Preparations to return Doc to flight began in 1987 under the direction of Tony Mazzolini, an Air Force veteran who later worked for Continental Airlines. After inquiring about the possibility of acquiring the bomber, the Navy agreed to release the aircraft under the condition that Mazzolini provide a restored B-25 Mitchell medium bomber in exchange, to supplement the collection of the National Naval Aviation Museum. After locating a suitable aircraft in South America and restoring it to the Navy's satisfaction, the transfer was ultimately completed in 1998. Doc was then towed to the nearby Inyokern Airport, where it was dismantled for transport to Wichita for restoration.

The airframe was acquired by the United States Aviation Museum of Cleveland, Ohio, for restoration to flight status. After extensive restoration work at the Boeing plant in Wichita, Kansas, where it was originally built, the aircraft was moved in March 2007 to the Kansas Aviation Museum. In February 2013, the aircraft was acquired by the non-profit organization "Doc's Friends". As of June 2014, all four overhauled engines and propellers had been reinstalled, a spokesperson for the group stating at that time that the aircraft would be airborne by the end the year. This timetable was not achieved, with the aircraft being towed out of the workshop for the first time on March 23, 2015. A few months after the rollout, the first post-restoration flight was anticipated to take place by the end of the year. At 8 a.m. on September 18, 2015, Doc successfully completed its first engine starts and testing of all four engines in Wichita. On May 11, 2016, the restoration crew performed the first of many low-speed taxi tests as the final preparations for the post-restoration flight began.
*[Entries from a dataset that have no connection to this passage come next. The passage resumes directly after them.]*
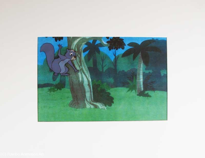Wart Original Animation CelProduction cel from The Sword in the Stone. It shows Wart who has been turned into a squirrel by Merlin in order to teach him about life. Poor Wart is being scolded by an irate bird. The piece has a 9x11" cel opening in a 17x19" mat, and comes with an unmatched reproduction background (presumably an Art Corner background). |
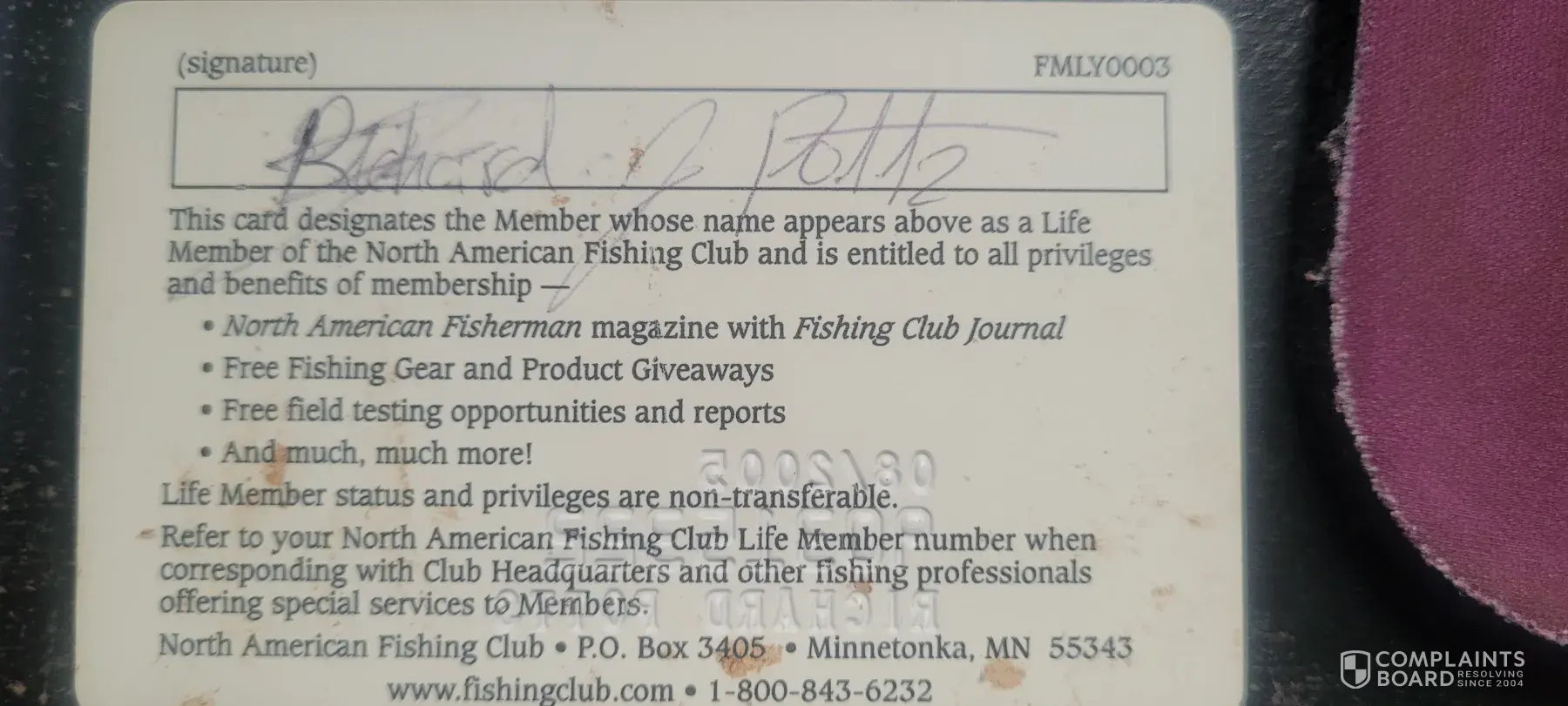 I've been a life member for several years I believe it started in 1994 I received a couple of fishing items a patch but nothing else that I was supposed to get like the magazine. I received a Daiwa rod and reel the top piece of the rod broke and I cannot find to place to get another one. I've tried to contact North American Fishing Club but cannot get through
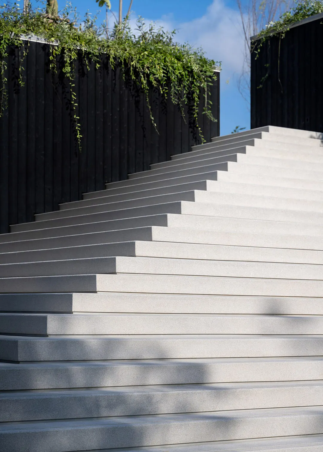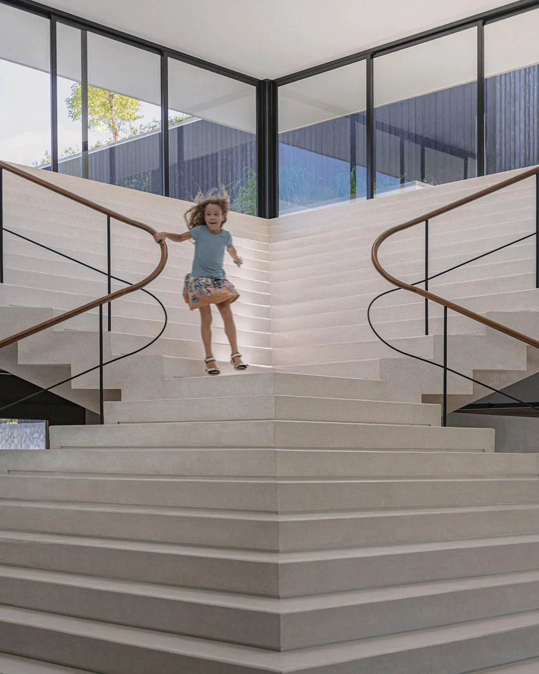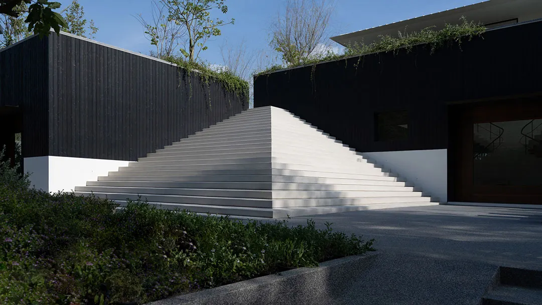 ▲ 公共中心内的雕塑感楼梯设计与外部楼梯相呼应Locomotive工作室表示,这次的项目设计是对常规的住宅开发价值观的一次挑战,它不再是封闭的空间,而是开放式交互区域。项目由三个相交的街区组成,分别在角落处相交,形成 L 形空间,用于遮蔽花园、高架露台和阶梯式座位区。
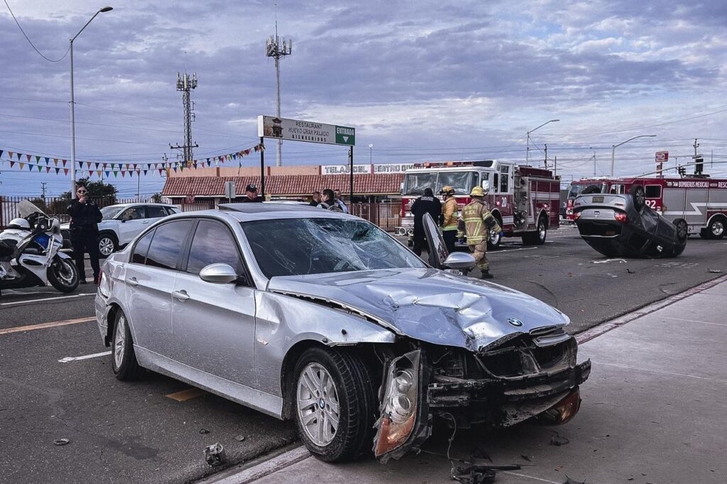 Mexicali.- La intención de darse a la fuga tras provocar un accidente derivó en un choque múltiple con volcadura y un motociclista lesionado grave, la mañana de este martes en el Centro Cívico.
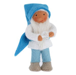 Ce joli petit gnome en laine feutrée du commerce équitable est une merveilleuse figure décorative avec des vêtements bleus et blancs, une peau brune et une longue barbe blanche et il tient un cristal. Il est parfait pour ajouter à une bague de célébration ou à une présentation ou une scène saisonnière d'inspiration Waldorf.
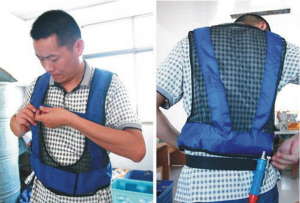 | 8月13日,王彦展示他发明的空调背心外观。 |
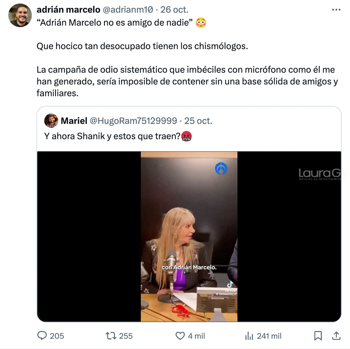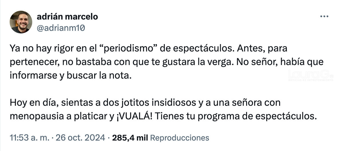 Adrián no solo replicó con insultos, llamando “imbéciles con micrófono” a sus críticos, sino que también lanzó una crítica al estado del periodismo de espectáculos actual: “Ya no hay rigor en el ‘periodismo’ de espectáculos. Antes, para pertenecer, no bastaba con que te gustara la verga. Hoy en día, sientas a dos jotitos insidiosos y a una señora con menopausia a platicar y ¡VUALÁ! Tienes tu programa de espectáculos”.
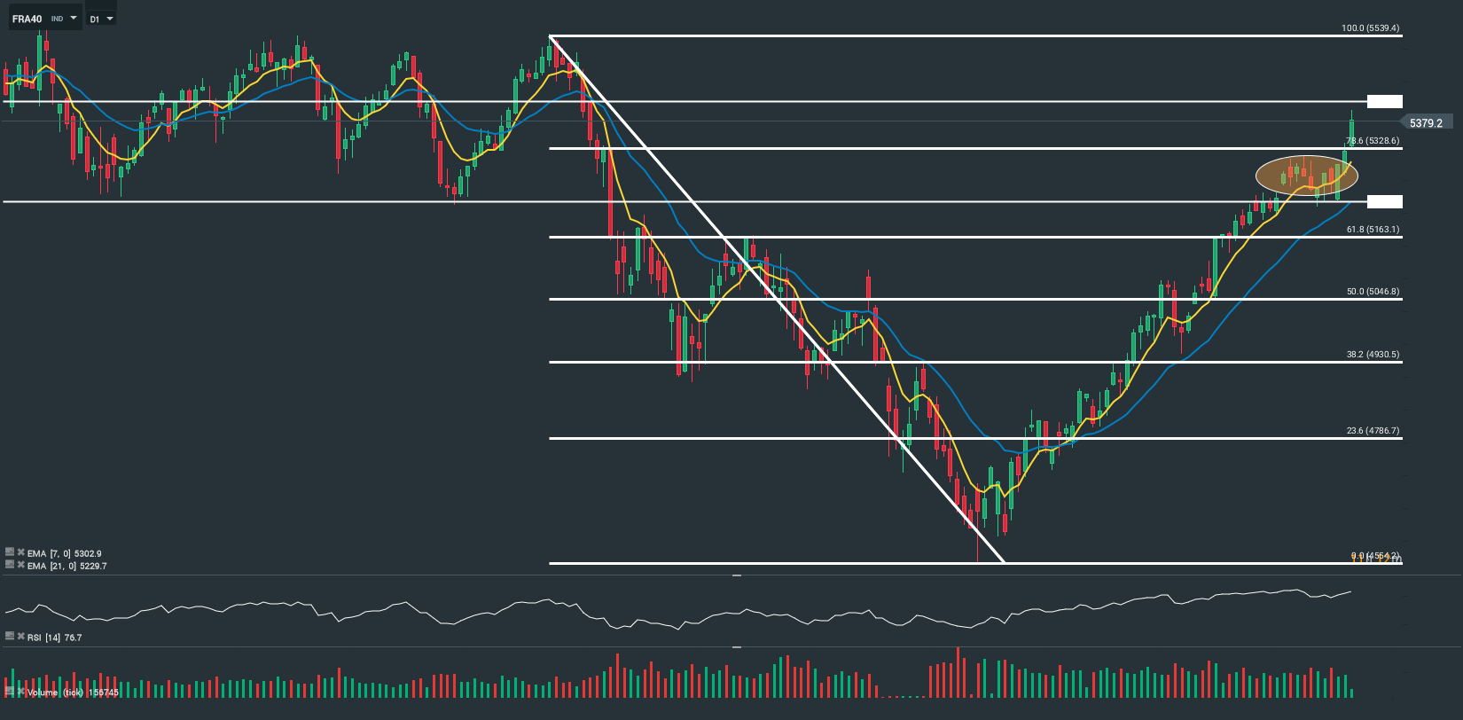 Sur le plan technique, en horizon temporel journalier (D1), le CAC40 termine la semaine en beauté. Le seuil des 78,6 % des retracements de Fibonacci (correspondant au niveau des 5 328 points) a été franchi de manière spectaculaire. Durant la phase de consolidation datant du 1er mars, les marchés étaient à la recherche de « catalyseurs » permettant la poursuite du mouvement haussier initié en début d’année. Le cocktail « Brexit/quatre sorcières » a permis à l’indice de retrouver une deuxième jeunesse. Toutefois, bien que les cours soient soutenus par les moyennes mobiles de court terme, nous devons avoir en tête que la semaine prochaine sera animé par les banquiers centraux. Dès lors, en attendant les propos des autorités monétaires, il est probable que les marchés entre dans une période de prise de profits. Prudence est mère de sureté. Nous avons un biais baissier sur l’indice, à court terme.
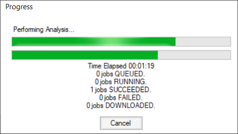 The simulation progress form is displayed upon a request to perform 1D or 2D analysis with cloud analysis available. See File Preferences to enable this option.
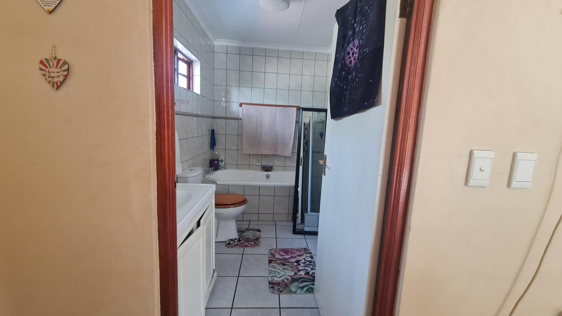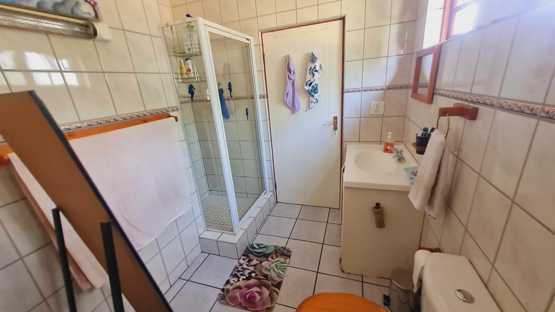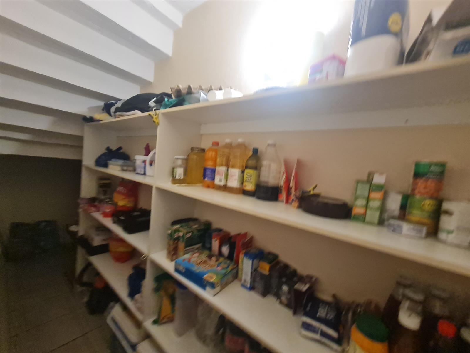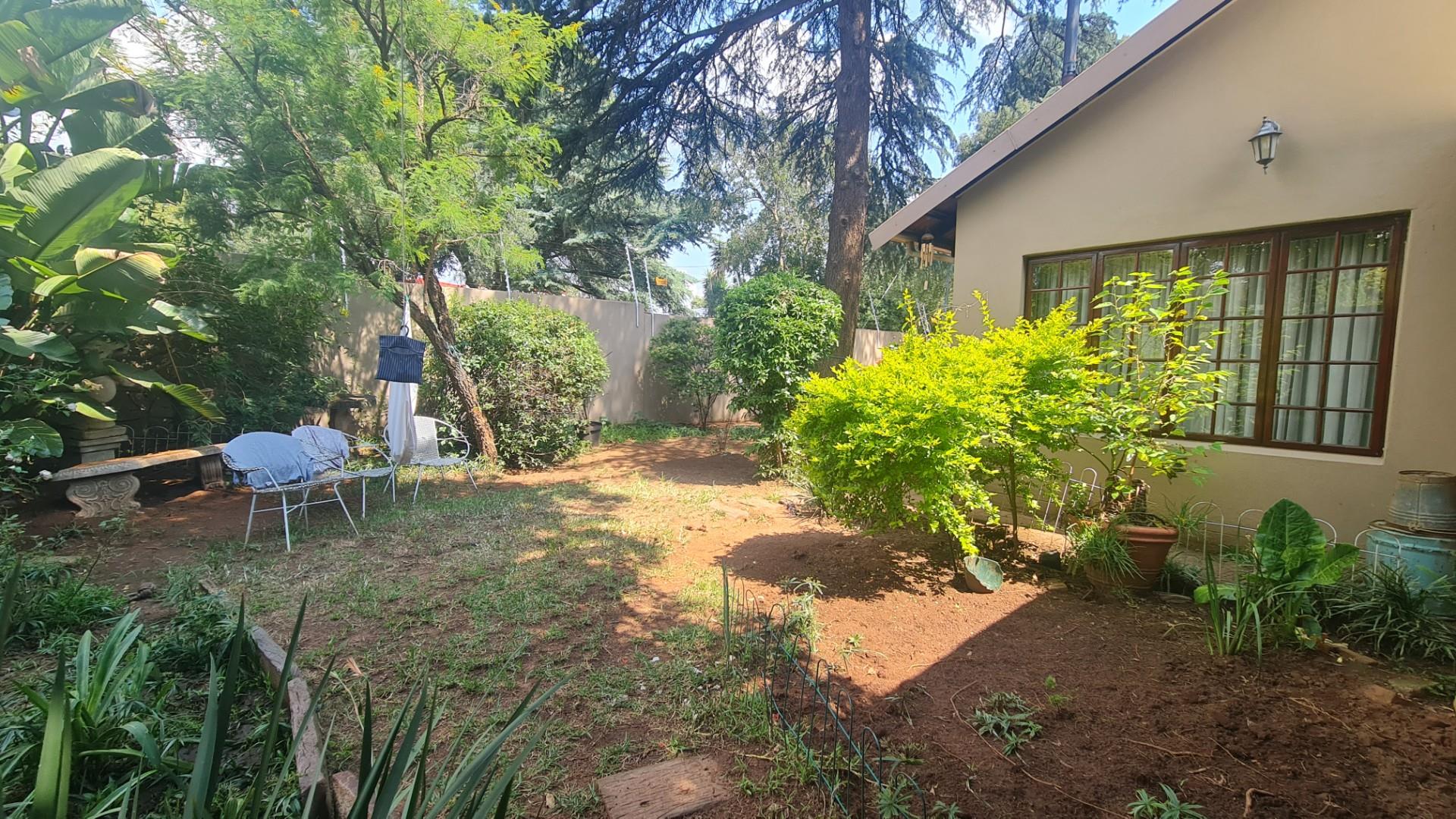 The downstairs area offers an open plan dining, TV Room/study area with fireplace, the perfect office space for a work from home professional and a spacious lounge. This area flows seamlessly onto an enclosed patio, with louvered roof that can open and close to allow for adjustable shading and protection from rain, perfect for entertaining family and friends. The spacious and well-kept garden provides a safe space for kids and pets to run and play. The modern kitchen offers ample work and storage space, hob and undercounter oven, double basin, connections for a dishwasher and washing machine, space for a fridge and a pantry. From the kitchen there is access to a small courtyard with washing lines.
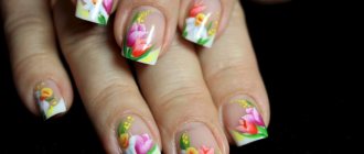 - Firstly, the design with large flowers. Such a manicure will look especially relevant in the summer, when you want to create light but interesting images. Patterns with flowers can be selected from the master.
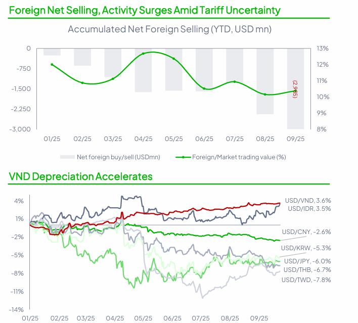 - Các luồng vốn đầu tư vốn chủ sở hữu (ECM) mạnh mẽ trong khu vực, đặc biệt là ở Trung Quốc, có thể làm phân tán sự chú ý và vốn của nhà đầu tư toàn cầu khỏi Việt Nam. Trung Quốc đã thu hút khoảng 21 tỷ USD tiền IPO từ đầu năm 2025, và dòng vốn FII ròng vào cổ phiếu Trung Quốc đã tăng vọt lên 27,3 tỷ USD. tăng vọt lên 27,3 tỷ USD.
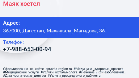 Маяк, хостел по адресу 367000, Дагестан, Махачкала, Магидова, 36 в дальнейшем Организация, размещена в следующих категориях:
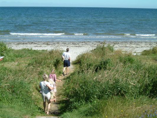 Vi fortsetter ned på stranden, der dagens solbadende gjester så smått er i ferd med å pakke og dra hjem til campingvognene på plassen. En far og sønn er imidlertid i ferd med å sette kanoen på det stille vannet. De kan få tid til en liten tur, før det er tid for mat. Lengre ned på stranden håper en sportsfisker på litt flaks, kanskje er ikke kveldsmaten i hus ennå.Mens Mathias er i full gang med å samle stein og muslingskall, går det opp for meg, hvilken herlig campingplass vi har ”flyttet” inn på. Det er høyt under taket, frisk luft, deilig natur, barnevennlig strand og god plass til, at alle kan gjøre nøyaktig det de hadde planer om, før ferien startet. Det være seg å døse i liggestolen, til en tur på golfbanen eller på sykkel, eller bare syssle med sine egne små ting og gjøre noe av alt det, man ikke rekker til daglig. Det er rolig, selv om der egentlig er mange barn.
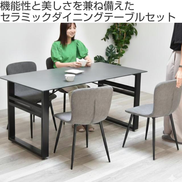 ダイニングテーブル&チェア 5点セット 幅150cm セラミック天板 フェムトチェア ( ダイニングセット テーブル 食卓テーブル 4人掛け ダイニングチェア 収納付き 長方形 食卓机 石目天板 小物 調味料 収納 配線 熱 傷 強い デスク )
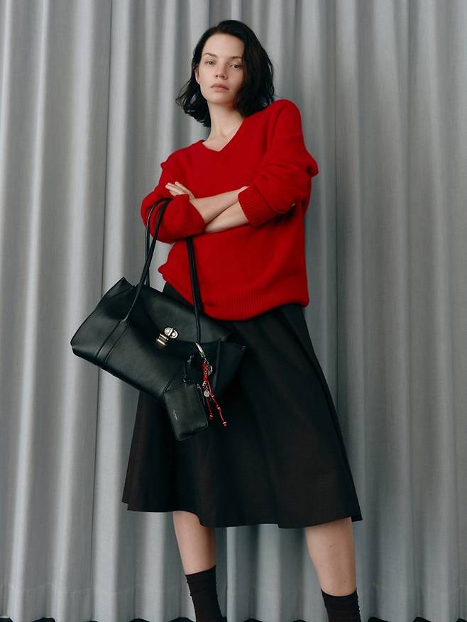 주력 제품은 ‘발롱백’과 ‘무스백’으로, 가로로 길게 흐르는 실루엣에 브랜드 시그니처 키 장식을 더해 포인트를 줬다.
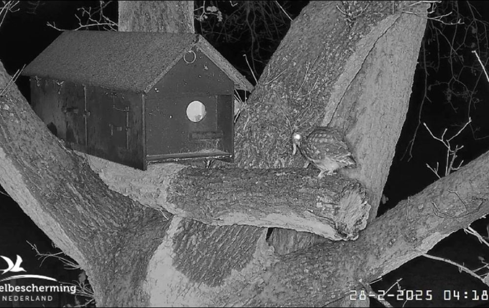 Man steenuil komt 3x op de tak voor de nestkast met een prooi: 2x larve, 1x muis,
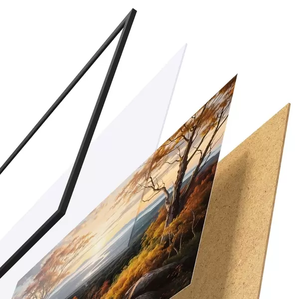 Plakat koosneb raamist, pleksiklaasist, trükitud pildist ja puitlaastplaadist alusplaadist. Tänu tagaküljel olevatele kinnitustele saab plakati kohe seinale riputada.
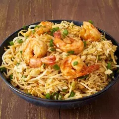 Arroz frito con tallarines al wok, con trozos de langostinos, huevo, cebolla china y salsa de soya.
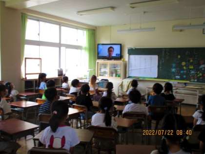 新型コロナの感染症対策としてリモート形式での終業式となりましたが、児童たちは校長先生からの夏休みの過ごし方の話に熱心に耳を傾けていました。
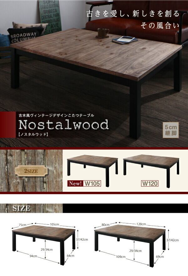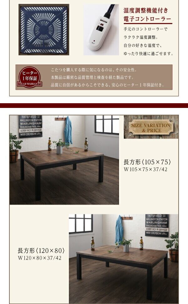 古木風ヴィンテージデザインこたつテーブル Nostalwood:長方形(75×105cm)

This marked the first time since 1956 that the B-29 moved under its own power. Doc traveled more than a half mile during the taxi test and the crew was able to successfully test the brakes and steering. The aircraft received a certificate of airworthiness from the Federal Aviation Administration on May 20, 2016, allowing it to be flown.

On July 17, 2016, the aircraft flew for the first time since 1956, piloted by members of FIFIs flight crews. Take off was delayed due to issues with the forward bomb bay doors latching shut, and the flight was conducted with the undercarriage down. The event was livestreamed on YouTube and the Doc's Friends website.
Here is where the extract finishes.